TIP: Hold your squat position at 90 degrees for two seconds for an added workout.
How to do it:
- Stand straight and hold an appropriately sized dumbbell in each hand. Your palms should face in. Place your feet at the required distance apart and slightly point your toes out.
- Lower yourself until your legs are at 90 degrees.
- Push into the floor with your heels and raise yourself to the starting position.
- Repeat for the required number of repetitions.
4. Backwards Lunges
If squats really aren’t your thing, then try the backward lunge! It’s a simple exercise that can be weighted appropriately using dumbbells. It is as simple as it sounds yet far tougher!
An easier alternative to the Bulgarian split squats, this exercise will build your thigh muscle. They are also excellent for forming explosive speed for sports. These can be done either with dumbbells or without.
TIP: Hold your chest up to maximize the effect on your glutes.
How to do it:
- Select an appropriate dumbbell set and hold one in each hand with your palms facing in. Place your feet shoulder width apart.
- Take your right leg and step back onto the ball of the foot. Lower your knee until it nearly touches the floor. Make sure that your joints are in a straight line.
- Raise the leg just lowered back to its starting position.
- Repeat with the other leg to complete one rep.
- Repeat until the required number of reps.
Challenging Alternative Exercises to Front Squat
These exercises are more challenging. If you prefer using heavier weights and lower reps then these are the exercises for you! Alternatively, if you have mastered the simpler exercises then move onto these exercises.
5. Zercher Squats
These are perhaps the most difficult of all the squat alternatives. Instead of holding the barbell on your shoulders, you rest it in the crock of the elbow. This gives you a stronger ability to hold the weight and removes the strain on your wrists, whilst keeping the benefits of the squat.

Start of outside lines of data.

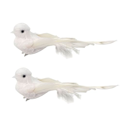Kit 2 Pombas Brancas Natal Plumas e Lantejoulas 12cm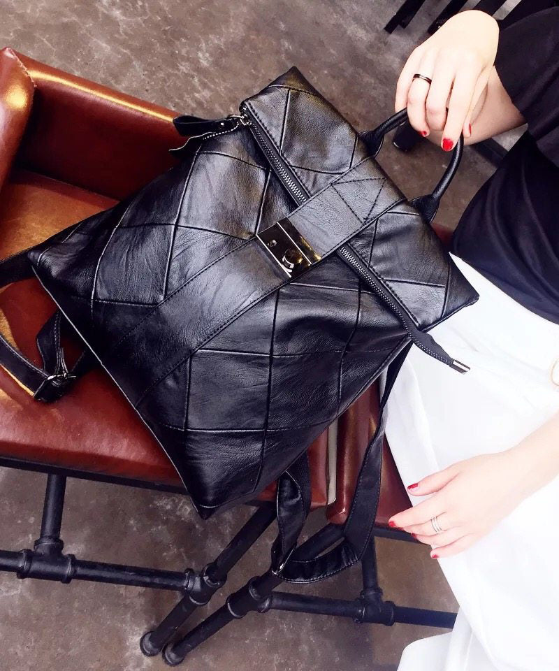 Style Black Plaid Large Capacity Faux Leather Versatile Backpack Bag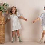 Nuestra colección Raya Azul está pensada para vestir a hermanos conjuntados con un estilo clásico, fresco y atemporal.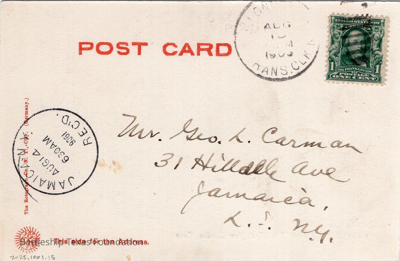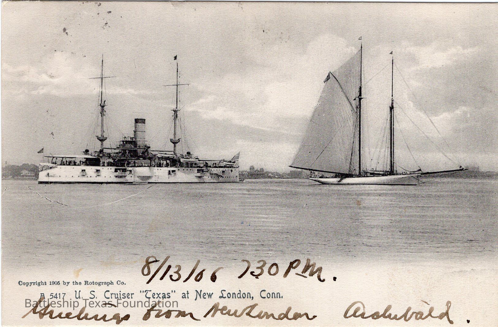 1906 postcard of the 1895 Battleship Texas next to a sailing ship. Caption referes to Texas as a cruiser. Postcard printed in 1906 and written on August 13, 1906 at 7:30 PM, but stamped for August 4 at 6:30PM on the back. Addressed to Mr. Carman.Context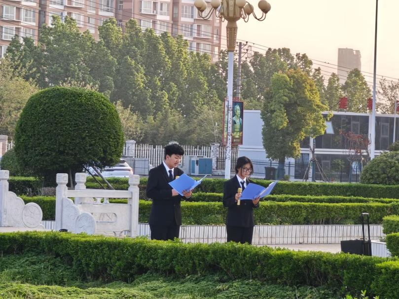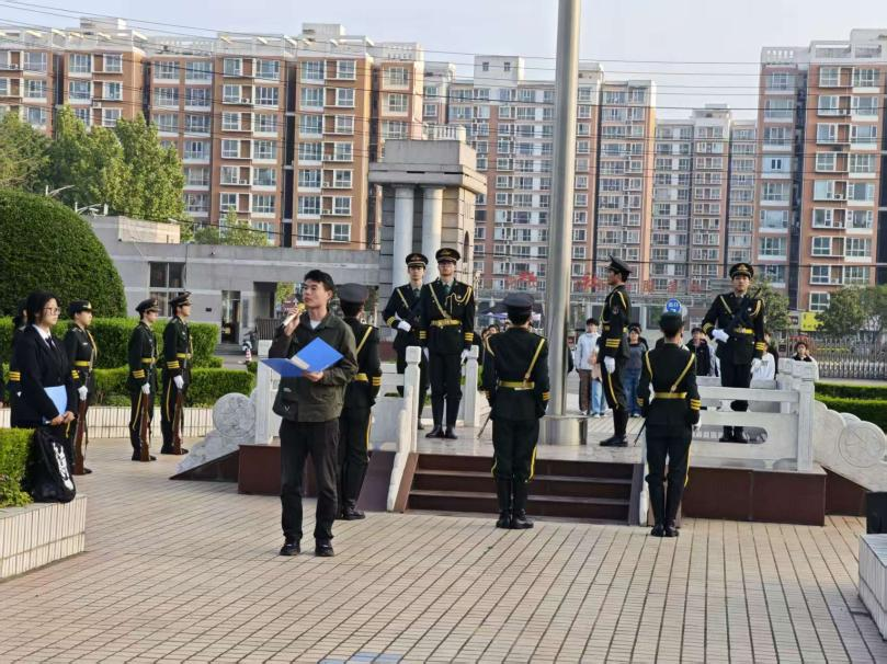 活动启动之初,国旗护卫队队员身着制式礼服,迈着整齐且坚定有力的正步,护卫着国旗入场,其步伐刚健雄浑,充分展现出蓬勃向上的精神风貌。随后,全体师生庄严肃立,在激昂雄壮的《义勇军进行曲》旋律中,五星红旗冉冉升起,全体人员行注目礼,向国旗致以崇高的敬意。升旗仪式结束后,学生代表登上讲台,在国旗下发言,分享个人感悟与成长收获;教师代表紧接着发表讲话,对同学们提出了饱含深情的期望与明确要求。最后,全体学生面向国旗庄严宣誓,以掷地有声的誓言彰显了爱国爱党、奋勇前行的坚定决心。整个活动在庄重肃穆的氛围中有序开展。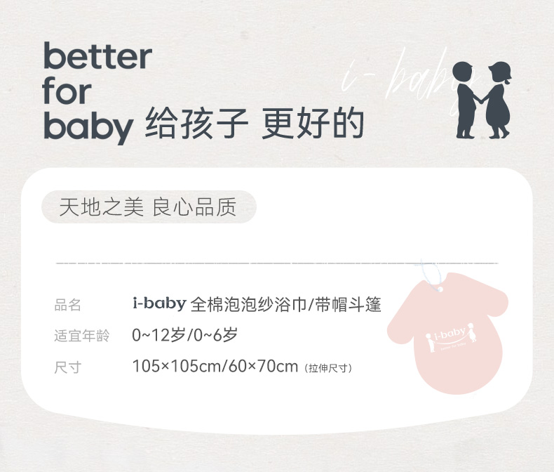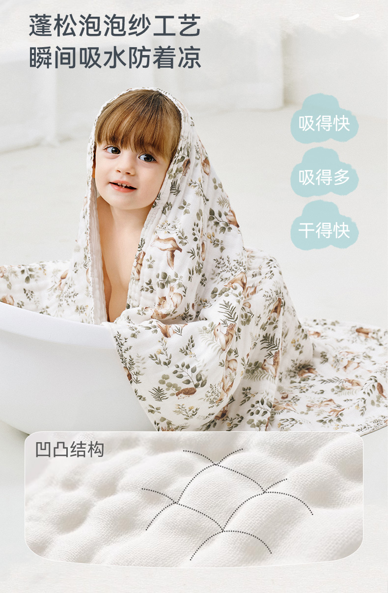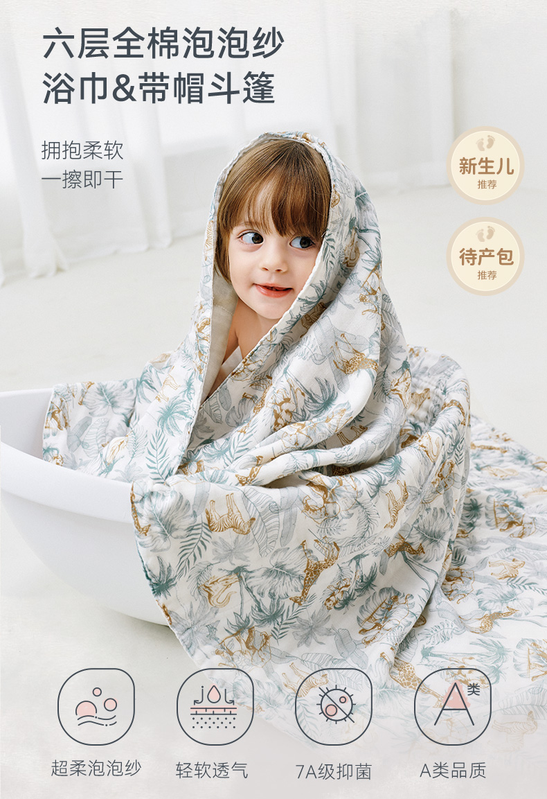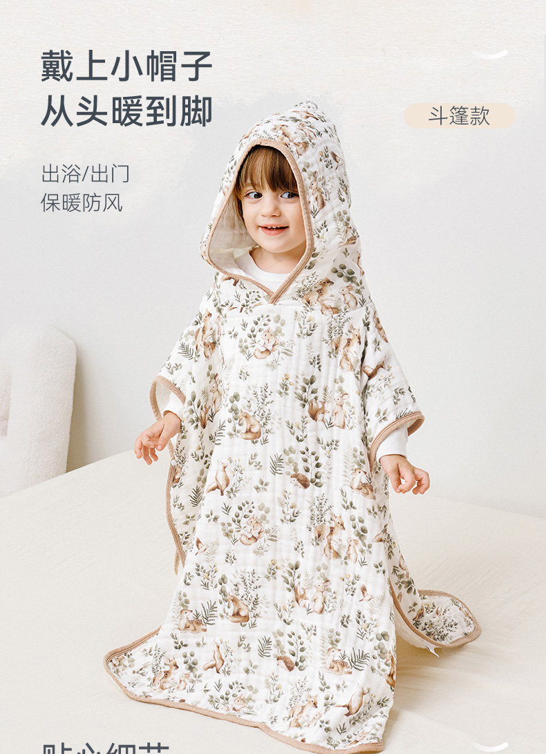 【2025秋冬新品】i-baby全棉泡泡纱六层纱布浴巾斗篷

TIP: push your knees out whilst you return to your starting position.
How to do it:
- Deadlift the barbell to your thighs and rest it on your
- Rest the bar on your thighs and place your arms underneath the bar. You want the bar to rest on the crease of your elbow.
- Lower yourself in the squat position, paying attention to squeeze your core and push your knees out. When the bar touches your thighs, you have gone low enough.
- Raise yourself to the standing position and then repeat for the required repetitions.
- Once completed, safely rest the bar on your thighs before lowering it to the floor.
6. Bulgarian Split Squat
This emphasizes the quads more as it allows you to go lower than the normal split squat. However, it does require more balance. Again, you can do it with a dumbbell.
TIP: Stepping further from the bench will active your glutes more, whilst having a closer stance will work your quads.
How to do it:
- Place the foot of your desired back leg onto a bench whilst keeping the front foot flat on the ground.
- Lower yourself into a deep lunge where your front leg is at a 90-degree angle and your back knee is nearly touching the floor.
- Raise your leg by pushing through your heels until you are at the standing point.
- Complete all the reps one side before swapping legs.
So, there you have 6 alternatives to the dreaded front squat. Some will be more suitable than others depending on your ability and workout type. Personally, I favor dumbbell squats and backwards lunges as they fit in better with my high-intensity workout style. However, if you prefer to lift heavier weights with lower reps then the more challenging exercises might be for you!